The DIA Hackathon Team

In [None]:
%pip install --upgrade openai
%pip install tiktoken

In [None]:
from google.colab import drive
drive.mount('/content/drive')

import sys
sys.path.append('/content/drive/MyDrive/your_folder') #change
from APIkey import API_key

import openai
import tiktoken
from tenacity import retry, wait_random_exponential, stop_after_attempt
import pandas as pd

In [None]:
with open('/content/drive/MyDrive/your_folder/ClinnovaDocs.txt') as f: #change
    ClinnovaText = f.read()

In [None]:
openai.api_key = API_key

In [None]:
@retry(wait=wait_random_exponential(min=1, max=20), stop=stop_after_attempt(6))
def get_embedding(text: str, model="text-embedding-ada-002") -> list[float]:
    return openai.Embedding.create(input=[text], model=model)["data"][0]["embedding"]

In [None]:
embedding = get_embedding("Hello World", model="text-embedding-ada-002")
print(len(embedding))

#More Information
[Embedding of long text](https://github.com/openai/openai-cookbook/blob/main/examples/Embedding_long_inputs.ipynb)
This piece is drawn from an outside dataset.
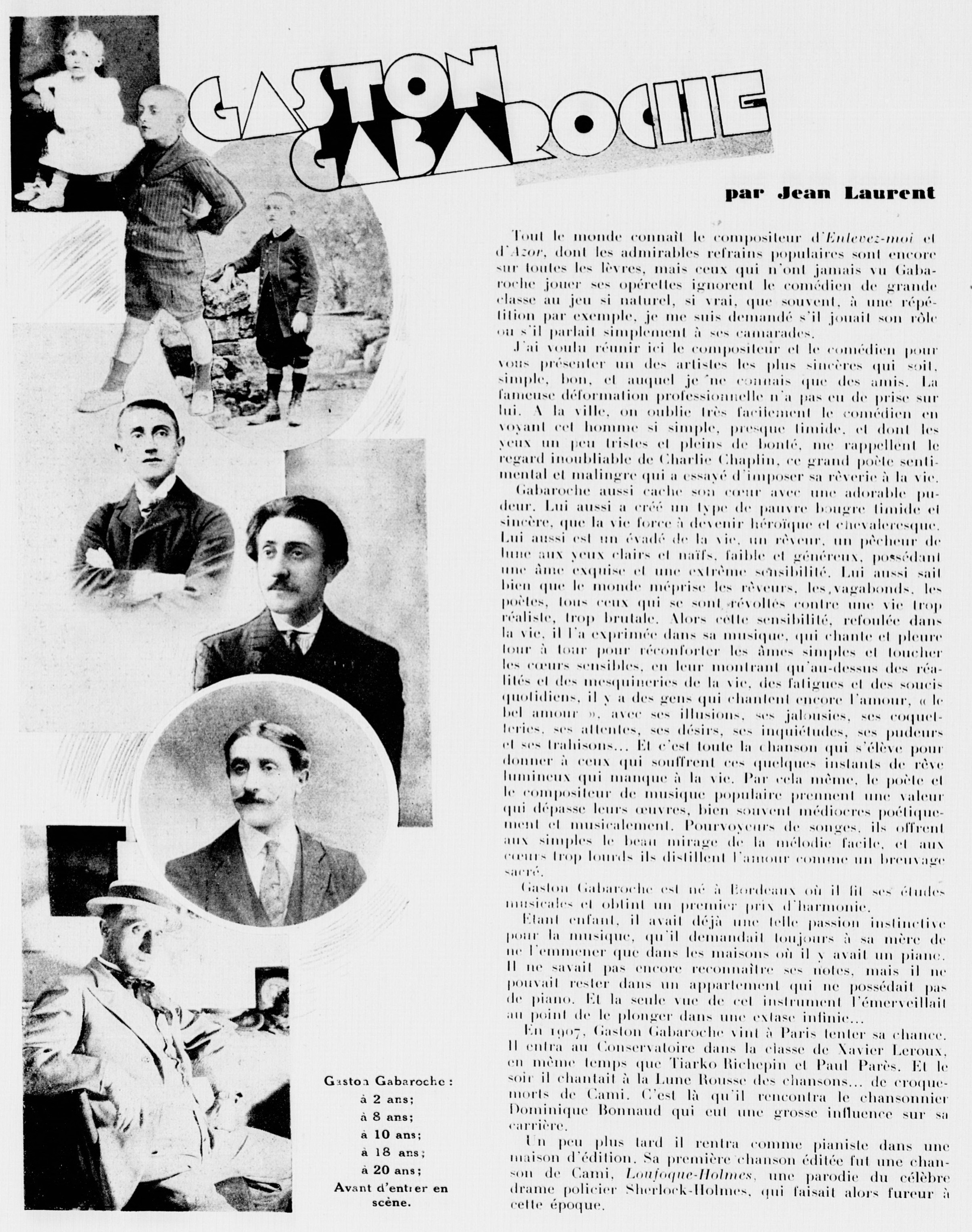 Gaston Gabaroche. Article par Jean Laurent. |

This Jupyter notebook demonstrates how to handle texts that are longer than a model's maximum context length when using OpenAI's embedding models, such as text-embedding-ada-002. The maximum context length is measured by tokens, and exceeding this limit causes an error. The notebook covers two main approaches to handle longer texts: truncation and chunking.

Truncation: The input text is truncated to the maximum allowed length. The notebook provides a function, truncate_text_tokens, that takes care of the tokenization and truncation process.

Chunking: The input text is divided into chunks and each chunk is embedded individually. The notebook provides a function, len_safe_get_embedding, which handles chunking and embedding. The embeddings can be returned as a weighted average or as a list of individual chunk embeddings.

The notebook also includes utility functions like batched, chunked_tokens, and len_safe_get_embedding to facilitate the process of handling longer texts.